Conclusion: Salesforce Data Cloud: The Indispensable Data Backbone for the Agentic Enterprise

Data Cloud is engineered as an intelligent, extensible, and trusted data fabric necessary to power next generation AI. Its architectural design addresses the problem of fragmented data, enabling organizations to unify, process, and activate all customer data at scale, using Zero Copy Data Federation to ensure efficiency.

Its robust Data Organization establishes a harmonized view from DLOs (including unstructured data) to DMOs, all secured within partitioned data spaces. Data Cloud’s versatile data processing capabilities—including batch and streaming transforms, calculated insights, unstructured data processing, and identity resolution—are powered by the incremental SNCE and CDF architecture, ensuring efficient, near real-time processing and significant cost savings.

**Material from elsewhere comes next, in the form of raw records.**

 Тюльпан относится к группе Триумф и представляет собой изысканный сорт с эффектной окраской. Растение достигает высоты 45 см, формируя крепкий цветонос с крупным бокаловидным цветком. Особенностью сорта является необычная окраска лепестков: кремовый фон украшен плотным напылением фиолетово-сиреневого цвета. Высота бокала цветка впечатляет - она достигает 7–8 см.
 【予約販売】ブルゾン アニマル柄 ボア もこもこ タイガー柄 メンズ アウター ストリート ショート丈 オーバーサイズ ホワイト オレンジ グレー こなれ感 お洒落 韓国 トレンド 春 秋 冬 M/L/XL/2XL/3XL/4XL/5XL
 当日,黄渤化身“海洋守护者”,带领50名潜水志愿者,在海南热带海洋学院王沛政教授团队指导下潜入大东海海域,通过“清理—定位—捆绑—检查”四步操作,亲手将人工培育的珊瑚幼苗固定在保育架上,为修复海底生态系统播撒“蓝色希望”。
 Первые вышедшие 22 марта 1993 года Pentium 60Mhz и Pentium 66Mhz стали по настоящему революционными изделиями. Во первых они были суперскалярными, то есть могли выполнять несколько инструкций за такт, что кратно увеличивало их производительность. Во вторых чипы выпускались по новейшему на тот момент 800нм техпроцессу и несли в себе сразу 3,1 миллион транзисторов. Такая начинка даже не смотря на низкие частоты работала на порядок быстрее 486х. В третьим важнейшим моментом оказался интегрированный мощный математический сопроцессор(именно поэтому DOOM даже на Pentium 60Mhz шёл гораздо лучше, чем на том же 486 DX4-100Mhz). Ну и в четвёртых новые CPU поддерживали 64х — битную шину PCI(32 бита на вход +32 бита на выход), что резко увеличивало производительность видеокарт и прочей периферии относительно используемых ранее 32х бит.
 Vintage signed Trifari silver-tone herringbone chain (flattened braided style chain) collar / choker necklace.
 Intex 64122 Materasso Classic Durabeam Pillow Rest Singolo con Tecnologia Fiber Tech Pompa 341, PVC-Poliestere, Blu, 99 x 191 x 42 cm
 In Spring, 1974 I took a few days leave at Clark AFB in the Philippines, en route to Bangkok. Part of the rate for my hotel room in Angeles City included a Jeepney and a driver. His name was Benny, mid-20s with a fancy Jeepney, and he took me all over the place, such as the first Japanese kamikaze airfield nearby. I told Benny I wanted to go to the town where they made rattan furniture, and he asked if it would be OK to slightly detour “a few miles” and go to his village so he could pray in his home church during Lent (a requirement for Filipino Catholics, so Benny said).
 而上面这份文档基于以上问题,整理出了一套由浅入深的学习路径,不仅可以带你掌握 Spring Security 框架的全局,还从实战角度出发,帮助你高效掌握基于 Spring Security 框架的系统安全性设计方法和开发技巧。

Extensibility is provided by the Code Extension architecture, securely enabling custom Python logic via Scripts or isolated Functions for unique requirements. Moreover, a comprehensive data governance framework, built on attribute-based access control (ABAC) with CEDAR policies, guarantees granular security, dynamic data masking, and consistent enforcement across all data consumption. This culminates in sophisticated segmentation and activation capabilities, translating unified customer profiles into dynamic, multi-channel engagement strategies with real-time responsiveness.

Crucially, Data Cloud's ability to unify vast, diverse data, provide real-time context via its unified query (including hybrid structured/unstructured search and Hyper acceleration), and enforce stringent governance is paramount for powering intelligent AI agents. It provides the necessary trusted, fresh, and relevant data to ground Generative AI workflows (RAG) and to fuel the multi-turn, action-oriented capabilities of Agentforce-powered agents, ensuring they operate with precision and accuracy.

By providing a future-proof platform where source data is transformed into actionable insights, Data Cloud serves as an indispensable architectural foundation for organizations building Agentic customer experiences. It’s the vital backbone that turns customer data into the sophisticated, personalized customer experiences driving success for today’s modern organizations.